3. Save all your bookmarks from your web browser. This is easy to do, and will save you a lot of frustration if your browser fries. You can also save your bookmarks online at sites like Delicious.

4. Save files often as you work on them. I can't tell you how many times people have cried to me that they lost a half an hour or more of work because their program quit on them and they hadn't saved. My response is always the same: SAVE OFTEN. I hit the save button about once every three minutes, by habit.

5. Use a program such as Retrospect to auto-backup your files. There are several good programs that do this - you set it up once to automatically make a backup of all your computer's or server's files to an external drive, then let it run on its own. We have ours set up to backup every night at 10pm, and we switch out the external drive every other week. The drive not in use comes home with me - so that if there's ever a disaster or theft at the office, we still have a backup of our entire server.
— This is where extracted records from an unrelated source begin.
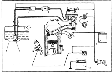 1 — топливный бак, 2 — толивоподающий насос, 3 — топливный насос, 4 — топливный фильтр, 5 — узел центральной форсунки, 6 — регулятор холостого хода с шаговым электродвигателем, 7 — потенциометр дроссельной заслонки, 8 — лямбда-зонд, 9 — электронный блок управления впрыском, 10 — датчик температуры охлаждающей жидкости, 11 — прибор коммутирующий сигнал информации о частоте вращения коленчатого вала двигателя получаемый из системы зажигания, 12 — выключатель зажигания, 13 — аккумуляторная батарея, 14 — датчик-распределитель
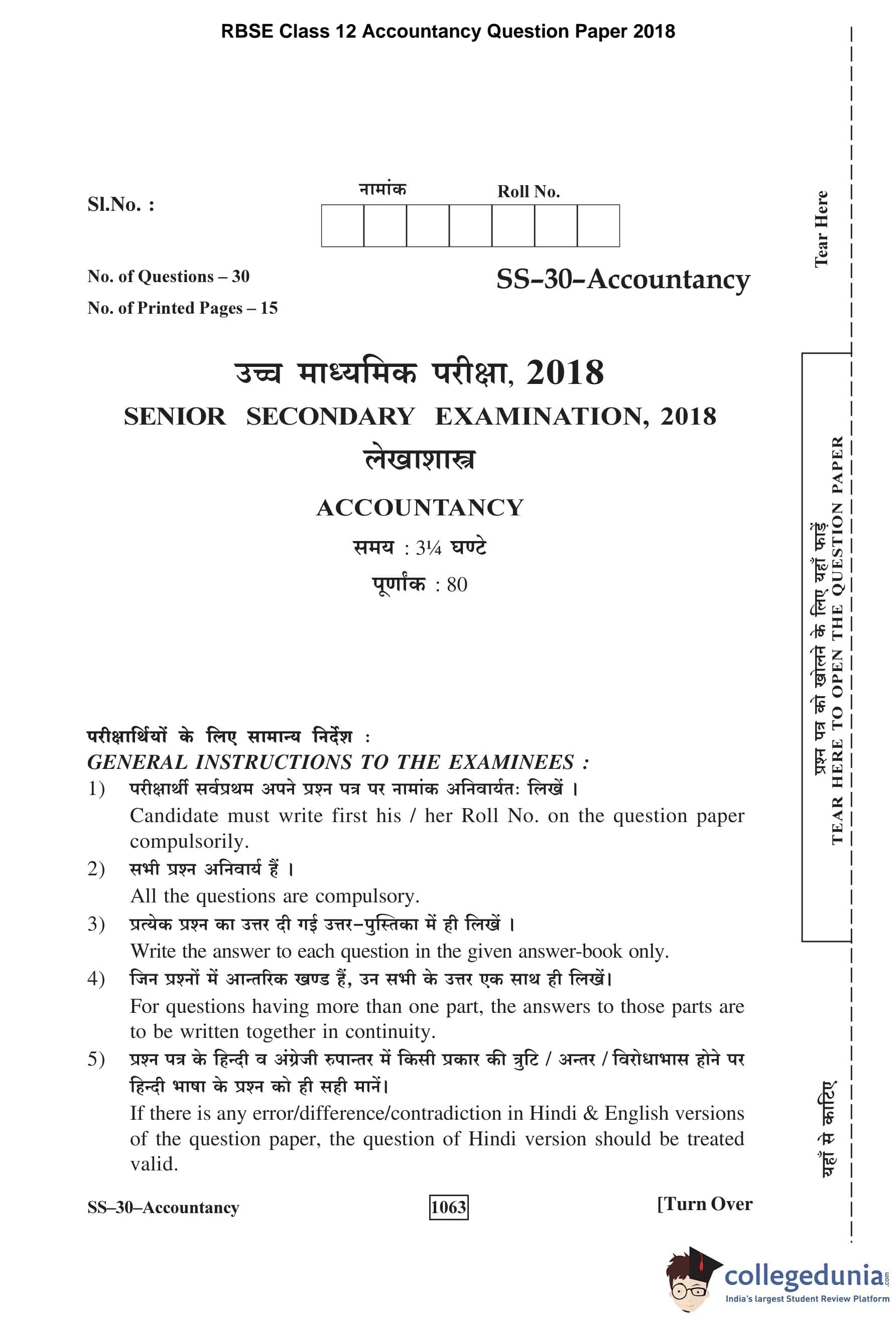 | RBSE Class 12 Accountancy Question Paper 2018 PDF | RBSE Class 12 Accountancy Answer Key 2018 PDF |
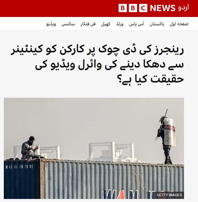 ’’اس وقت تین، چار رینجرز والے وہاں پہنچے اور انھوں نے اس شخص کو گرفتار کرنے کی کوشش کی۔ جب وہ ان کے ہاتھ نہیں آیا تو رینجرز نے اس (شخص) کو تھوڑا سے دھکا دیا اور پھر یہ نیچے جا کر گِرا ہے۔‘‘
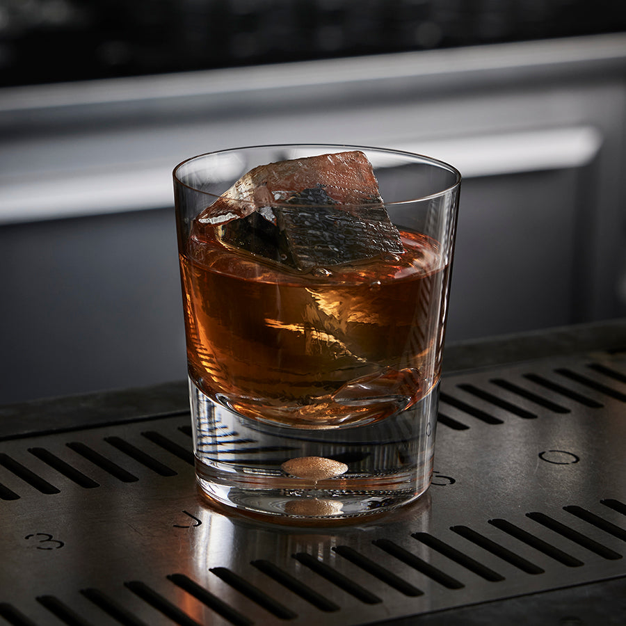 Intermezzo Double Old Fashioned, holding 13.5oz, was designed in 1984 and is well suited for serving various spirits or cocktails with or without alcohol. It is a large glass with room for a lot of ice, drink mixers, and juices. The glass is mouth-blown in Sweden.
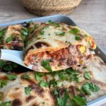 place the remaining 4 tortillas on top of the sauce. sprinkle vegan cheese evenly over the top layer of tortillas or drizzle if using miyoko's liquid vegan mozzarella.

6. Too much is never too much. I have one computer at home and one at work. Between the two, I have two Firewire drives, a USB drive, three USB flash drives, and a stack of CDs with backups on them. When my home computer died a few weeks ago, I didn't have to worry about a thing because I had a two-day old backup of the entire hard drive on my Firewire. I also save copies of the most important files to my ftp site - so if some catastrophe wipes out all my machines, I still have a backup on the Internet.

Remember to save often and backup frequently, and you'll save yourself a lot of time, money and heartaches in the long run.